Any set of contact centre software solutions must make it easy to gather, organize, and evaluate all relevant data.

This means running analytics on every form of customer interaction via voice and text. It must encompass more, though – analytics that evaluate service across channels, desktop and mobile insights, and ones that allow you to predict customer behaviour and evaluate agent performance.

According to McKinsey and Company, businesses that mine and leverage their data reduce average handle time by as much as 40%, boost self-service containment by up to 20%, and lower employee costs by up to $5 million.

It’s no wonder that 72% of CX professionals are seeing a jump in demand for deep data insights. Any set of contact centre software solutions must make it easy to gather, organize, and evaluate all relevant data.

Contributed by: Cyara

Natural Language Processing (NLP)

Natural language processing may not initially seem like a management tool, but as NLP ‘translates’ natural human language into information for automation or recording, not only are the applications wide, so are the benefits.

Speed and accuracy drive efficiency, so with more appropriately and properly integrated NLP working processes, performance benefits begin to stack up.

Qualification and routing are a prime example. By collecting details during qualification, both the routing strategy itself and the agent receiving the query are better informed.

However, for maximum benefits NLP needs to be tuned to the specific language of the organization, sector and customer.

This takes preparation and a little elbow grease so contact centres shouldn’t expect magical changes on day one.

Contributed by: Stuart Clarke at Odigo

Gamification Systems

Kaye Rickards at Alvaria
Kaye Rickards

Gamification technology provides outstanding ROI due to the speed, accuracy and volume of learning and engagement that can be accomplished.

Call centre processes and compliance requires accuracy in application and reporting and a strict adherence to regulations; gamification is perfectly suited for this purpose.

Gamification training strategies in the contact centre can be specifically designed to make sure your agents are prepared to deal with escalations and complications that these new processes just cannot handle.

Your call centre omnichannel strategy combined with gamification technology and techniques can ensure your business has the capacity to blend and seamlessly integrate inbound/outbound messaging and strategies with dynamic scripting and what-if training.

Designing your training and continuing education to gamify will ensure your live agents, omnichannel, automation and AI technology platforms all sync up.

Contributed by: Kaye Rickards at Alvaria

Cloud Solutions

In many ways, successful cloud migration is a prerequisite to deploying the above technology solutions.

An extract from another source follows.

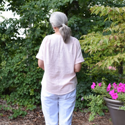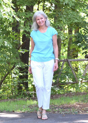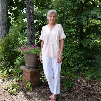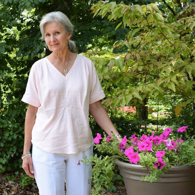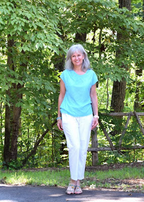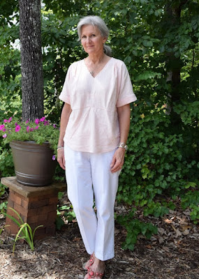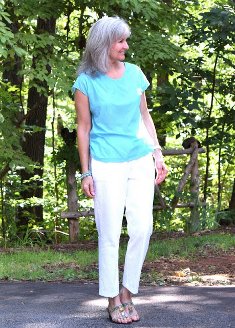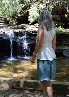 I'm wearing my Alabama Chanin hand-stitched modified 6-panel skirt along with the AC hand-stitched 6-panel Tank Top. Interesting in that I made these pieces to be an ensemble, but now they are made I don't really care for them together. But today I am showing them as the ensemble they were meant to be.

Without the cloud, it’s incredibly difficult to access, aggregate, and analyse the relevant data. It’s also impossible to manage a remote workforce. Fundamentally, the cloud is what makes managing the modern contact centre possible.

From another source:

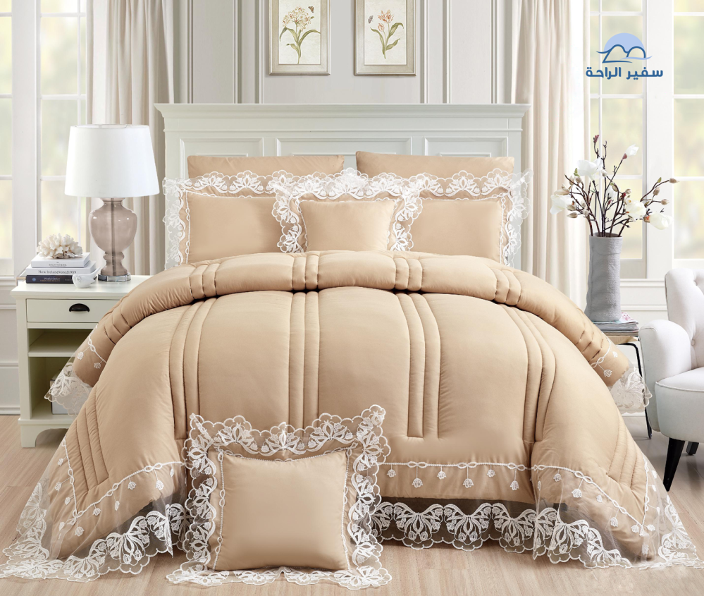 اكتشف مفرش لولو الفاخر من سفيرالراحة، المصمم ليكون الخيار المثالي للعرائس والباحثين عن الراحة والفخامة في تفاصيل غرفة النوم.

Cloud software solutions free the contact centre from the constraints of bricks-and-mortar and on-premises infrastructure. That means you can manage staff, customer service, and operations from anywhere and scale your business quickly and efficiently.

It also reduces your risk of service outages, simplifies software updates and releases, and makes it easier to keep systems secure and compliant.

Finally, the cloud helps break down silos between departments so that service, sales, marketing, and IT can communicate more effectively and work together to improve CX. This technology is essential for contact centre success going forward.

Contributed by: Cyara

A Scalable, Cloud-Native Platform

Elizabeth Tobey at NICE
Elizabeth Tobey

In this new digital era, it’s crucial that brands become fluent in Customer Experience Interactions (CXi).

In order to achieve this, brands must have one scalable, cloud-native platform with a complete suite of best-of-breed solutions underpinned by AI.

It’s about meeting the customer at every touchpoint, where and when they want, and delivering the right answer at the right time.

This approach takes you beyond the contact centre. Driven by AI intelligence, a unified platform can manage all interactions for consumers, agents and brands.

This knowledge includes things like what the customer does before or after dealing with agents in a contact centre. It’s knowledge across the entire customer journey.

Easily, and seamlessly, managing a contact centre isn’t impossible – all it takes is fully embracing digital, and empowering agents and customers in new and powerful ways.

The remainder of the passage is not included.